**RECORDS**

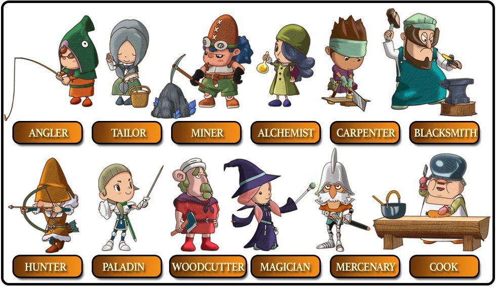 These are the different lives that you can choose from and their Masters. You learn from them and then eventually, you can become a higher level than them! It's a great way to do different things in town and make new friends.
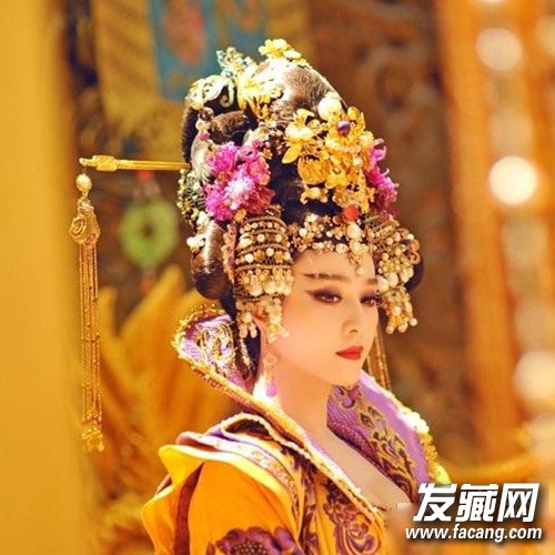 武媚娘终于坐上皇后的宝座,与皇帝李治同排而坐,头饰也有了较前面明显的变化,采用金色头饰最多,还配以红色珊瑚头钗,鬓唇采用鎏金金钗垂到耳边,发髻上更是簪着两朵真花来点缀,皇后霸气之姿不动自现。
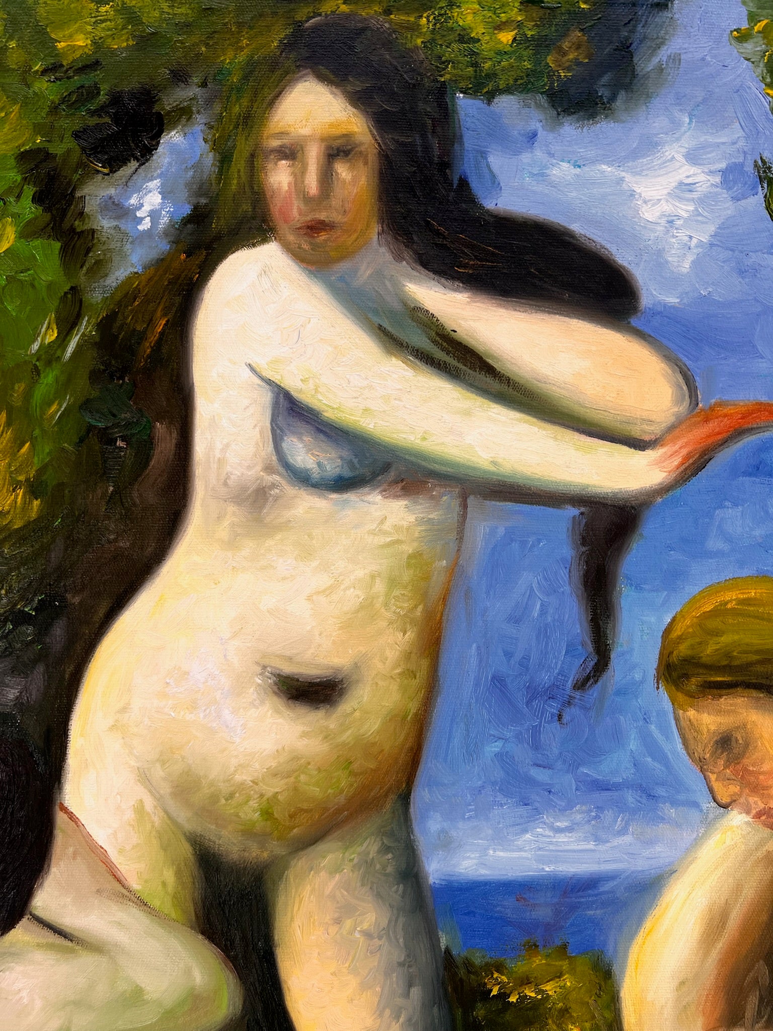 Questa splendida tela dipinta a mano è ispirata alla famosa serie di Cézanne Bagnanti, che rappresenta gruppi di donne che si bagnano in un ambiente naturale. Il dipinto mostra tre nudi, rappresentati con pennellate forti e tonalità terrose che contrastano con il cielo blu brillante e la vegetazione verde.
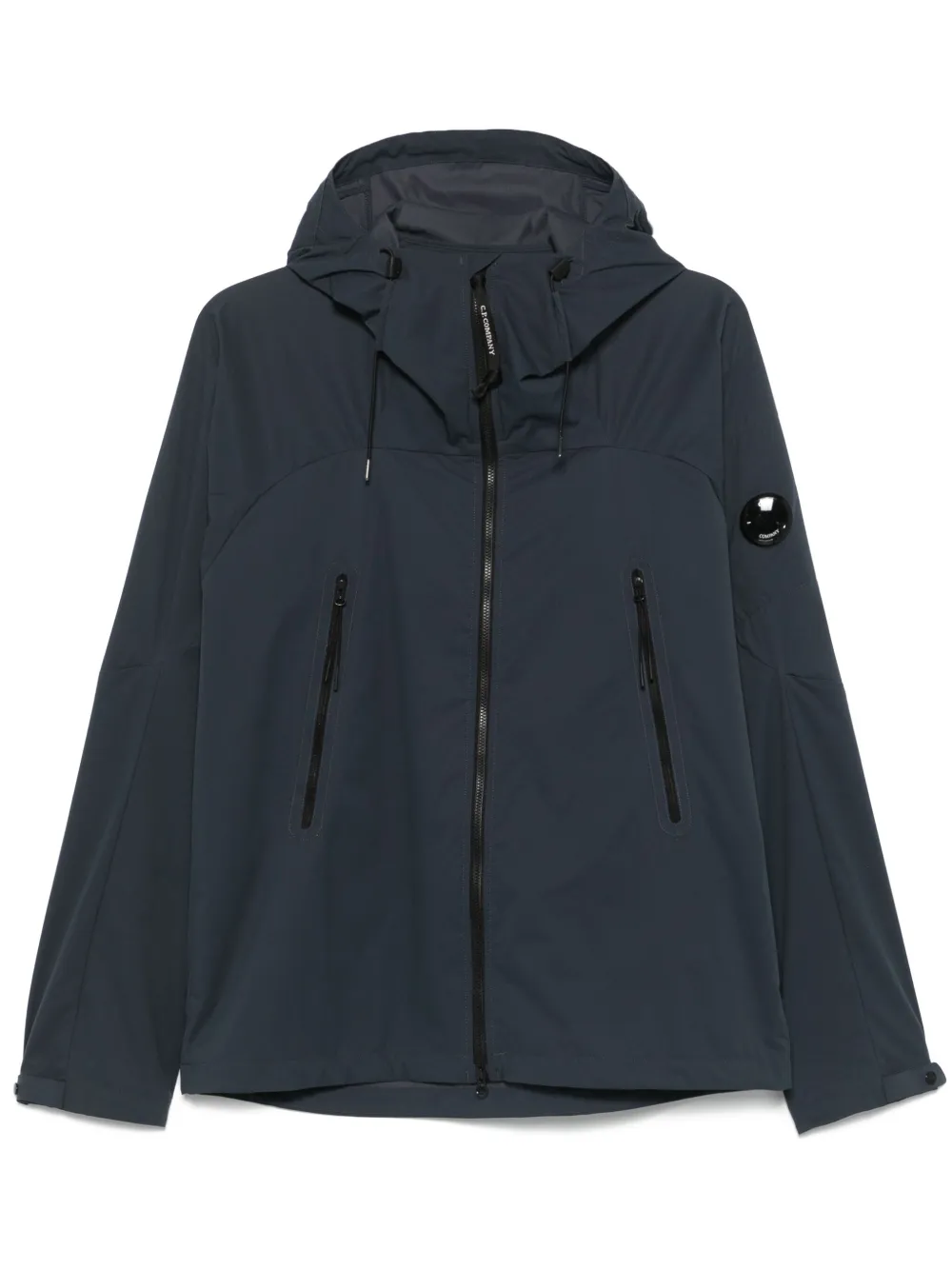 bleu marine fermeture zippée à double sens capuche à lien de resserrage deux poches latérales zippées poignets à boutons pression
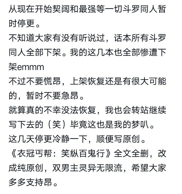 牧十七:嗯,影视同人我还是可以的,毕竟有文笔,写什么都行,尤其是综穿影视,我现在就写综穿影视和陈情令,动漫同人的话那得看阅文集团了
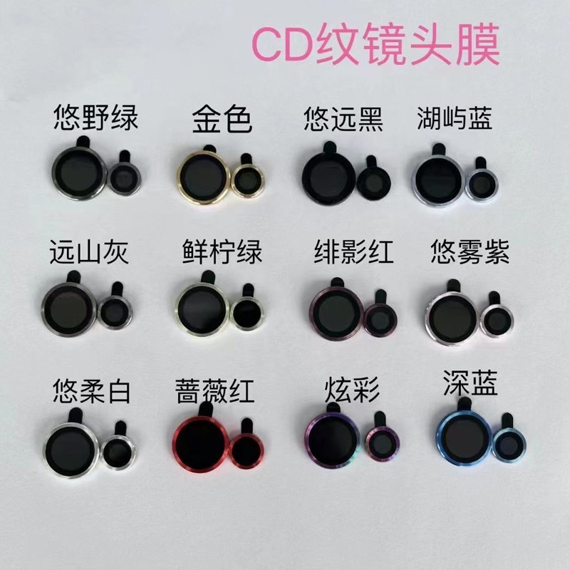 适用 Iphone 16ProMax 15Plus 苹果14Promax 13 12mini,11 CD纹闪粉金属镜头膜炫彩色手机保护贴膜工厂批,发

**AIM OF THE EXERCISE**
Each line from the line containing "武媚娘终于坐上皇后的宝座,与" through the last line above must be written out exactly, and every picture must be omitted.

**SOLUTION TO THE PROBLEM**
 武媚娘终于坐上皇后的宝座,与皇帝李治同排而坐,头饰也有了较前面明显的变化,采用金色头饰最多,还配以红色珊瑚头钗,鬓唇采用鎏金金钗垂到耳边,发髻上更是簪着两朵真花来点缀,皇后霸气之姿不动自现。
 Questa splendida tela dipinta a mano è ispirata alla famosa serie di Cézanne Bagnanti, che rappresenta gruppi di donne che si bagnano in un ambiente naturale. Il dipinto mostra tre nudi, rappresentati con pennellate forti e tonalità terrose che contrastano con il cielo blu brillante e la vegetazione verde.
 bleu marine fermeture zippée à double sens capuche à lien de resserrage deux poches latérales zippées poignets à boutons pression
 牧十七:嗯,影视同人我还是可以的,毕竟有文笔,写什么都行,尤其是综穿影视,我现在就写综穿影视和陈情令,动漫同人的话那得看阅文集团了
 适用 Iphone 16ProMax 15Plus 苹果14Promax 13 12mini,11 CD纹闪粉金属镜头膜炫彩色手机保护贴膜工厂批,发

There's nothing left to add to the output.